FDB sebagaimana dimaksud dalam Pasal 24 diberikan kepada Debitur yang meliputi:
a. perorangan/kelompok;
b. badan usaha milik negara;
c. badan usaha milik daerah;
d. badan usaha milik desa;
e. badan usaha swasta; atau
f. koperasi.
(1) Penyaluran secara langsung sebagaimana dimaksud dalam Pasal 24 ayat (2) huruf a dilakukan oleh BLU BPDLH secara langsung kepada Debitur.
(2) Debitur harus memberikan jaminan atau agunan yang diikat secara fidusia, hak tanggungan, dan/atau bentuk lainnya sesuai dengan ketentuan peraturan perundang-undangan.
(3) Penyaluran secara langsung sebagaimana dimaksud pada ayat (1) dituangkan dalam perjanjian antara BLU BPDLH dengan Debitur secara nota riil atau legalisasi.
(4) Perjanjian sebagaimana dimaksud pada ayat (3) paling sedikit memuat:
a. identitas para pihak
b. nilai pembiayaan;
c. jangka waktu pembiayaan;
d. tingkat suku bunga/bagi hasil/margin;
e. jaminan;
f. hak dan kewajiban;
g. pelaporan;
h. keadaan kahar;
i. sanksi dan denda;
j. penyelesaian sengketa; dan
k. berakhirnya perjanjian.
(1) Penyaluran secara tidak langsung sebagaimana dimaksud dalam Pasal 24 ayat (2) huruf b dilakukan melalui lembaga penyalur kepada Debitur.

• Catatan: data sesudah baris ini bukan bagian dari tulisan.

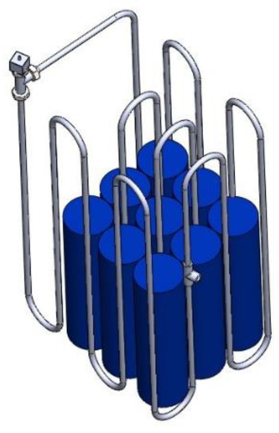 The consistent cooling demonstrated by the proposed system underscores its potential as a robust solution for managing the thermal aspects of electrical batteries. However, there are two main issues that must be addressed in the engineering of the product: firstly, under natural convection, the low heat transfer coefficient values pose a significant challenge in achieving the goal of maintaining the battery temperature within the optimal working range. In this scenario, increasing the surface area of the condenser section by implementing a more efficient and extensive fin battery pack could be a viable solution. Another significant issue pertains to temperature differentials across both the battery pack and individual battery cells, which can significantly impact the long-term performance of the battery system. Substantial temperature variations within the battery pack and at the pack level can result in varying rates of capacity fade and unbalanced voltage distribution within the pack. Therefore, maintaining a small temperature difference is crucial for Li-Ion battery packs, serving as an indicator of an effective battery thermal management system. Regarding the temperature gradient along the single cell, the here-proposed BTMS configuration does not present great problems, with a maximum difference along the central cell of less than 2 °C. On the other side, a difference in the temperature can be an issue with this setup: indeed, as it is possible to see from Figure 10, a max temperature difference among the cells is around 2.5 °C, 5.5 °C and 9 °C for 1C, 2C and 3C discharging curves, respectively. The significant temperature gradient within the battery pack primarily arises from the diverse cooling environments surrounding various sections of the pack. Cells on three sides of the pack can efficiently transfer heat to the surroundings through the PHP turns. However, the interior regions rely solely on conduction between the batteries to dissipate heat, which imposes limitations on heat dissipation. This limit can be overcome by inserting some turns inside the different rows of cells, as sketched in Figure 11. The new setup is in the phase of production, and it will be tested in the next months.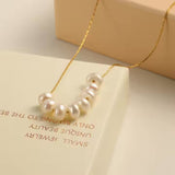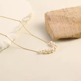 The Margot Pearl Necklace showcases eight lustrous pearls elegantly spaced along a delicate gold chain that moves freely for a graceful look. Measuring 16 inches with an adjustable clasp, it offers a customizable fit. Crafted to be waterproof, this necklace combines durability with timeless sophistication, making it a versatile accessory for both everyday wear and special occasions.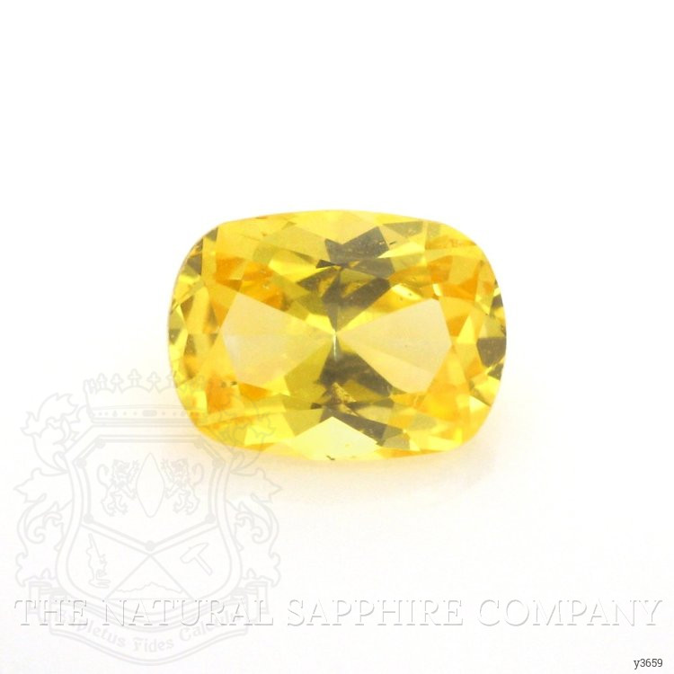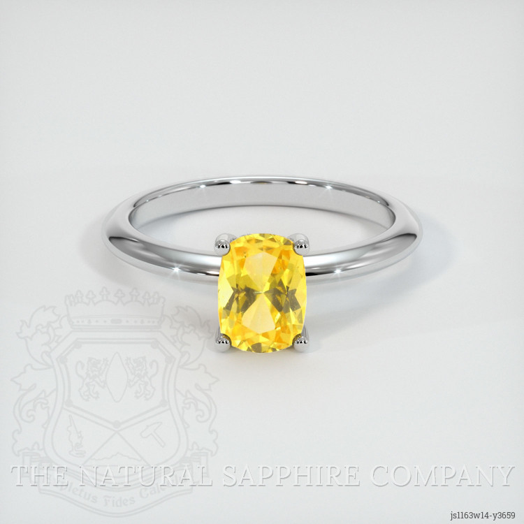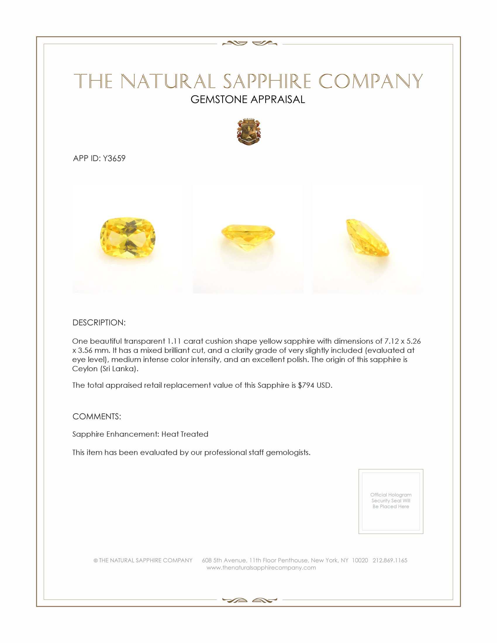 The ring features a beautiful, transparent 1.11 carat cushion shape yellow sapphire with the dimensions of 7.12 x 5.26 x 3.56 mm and a mixed brilliant cut. It has a clarity grade of very slightly included (evaluated at eye level), medium intense color saturation, and an excellent polish. The origin of this sapphire is Ceylon (Sri Lanka).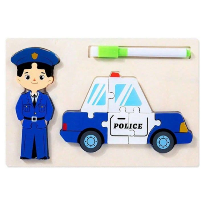 Drevené policajné puzzle s kresliacou tabuľkou – rozvíjajúca hračka 2 v 1

(2) Lembaga penyalur sebagaimana dimaksud pada ayat (1) meliputi perbankan, lembaga jasa keuangan nonbank, atau badan hukum lainnya yang bekerja sama dan ditunjuk oleh BLU BPDLH.
(3) Lembaga penyalur sebagaimana dimaksud pada ayat (1) bertanggungjawab kepada BLU BPDLH atas penyaluran yang dilakukan kepada Debitur.
(4) Lembaga penyalur sebagaimana dimaksud pada ayat (1) paling sedikit memenuhi kriteria:
a. memiliki pengalaman dalam pembiayaan di bidang lingkungan hidup dan/atau kehutanan paling sedikit 2 (dua) tahun;
b. sehat dan berkinerja baik;
c. memiliki akses langsung dengan Debitur; dan
d. memiliki
sistem yang terkoneksi dan/atau kompatibel dengan sistem informasi yang digunakan oleh BLU BPDLH.
(5) Penyaluran secara tidak langsung sebagaimana dimaksud pada ayat (1) dituangkan dalam perjanjian antara BLU BPDLH dengan lembaga penyalur di hadapan notaris.
(6) Perjanjian sebagaimana dimaksud pada ayat (5), paling sedikit memuat:
a. identitas para pihak;
b. nilai pembiayaan;
c. jangka waktu pembiayaan;
d. target Debitur;
e. tingkat suku bunga/bagi hasil/margin;
f. jaminan;
g. hak dan kewajiban;
h. pelaporan;
i. monitoring dan evaluasi;
j. keadaan kahar;
k. sanksi dan denda;
l. penyelesaian sengketa; dan
m. berakhirnya perjanjian.
(7) Lembaga penyalur harus memberikan jaminan atau agunan paling sedikit senilai 100% (seratus persen) dari pembiayaan yang dimohon dan diikat secara fidusia, hak tanggungan, dan/atau bentuk lainnya sesuai dengan ketentuan peraturan perundang-undangan.
Untuk melakukan penyaluran secara langsung sebagaimana dimaksud dalam Pasal 26 dan penyaluran secara tidak langsung sebagaimana dimaksud dalam Pasal 27, BLU BDPLH dapat membentuk tim teknis.
Ketentuan lebih lanjut mengenai kriteria Debitur penerima FDB, mekanisme penyaluran secara langsung, tata cara penentuan besaran jaminan dan penyerahan jaminan, mekanisme penyaluran secara tidak langsung, dan mekanisme penunjukan lembaga penyalur sebagaimana dimaksud dalam Pasal 25 sampai dengan Pasal 27 diatur dengan Peraturan Direktur Utama BLU BPDLH.
Penyaluran melalui mekanisme FDB sebagaimana dimaksud dalam Pasal 24 ayat (1) yang dananya bersumber dari hibah dan donasi dilakukan berdasarkan perjanjian/kontrak sebagaimana dimaksud dalam Pasal 10 huruf b.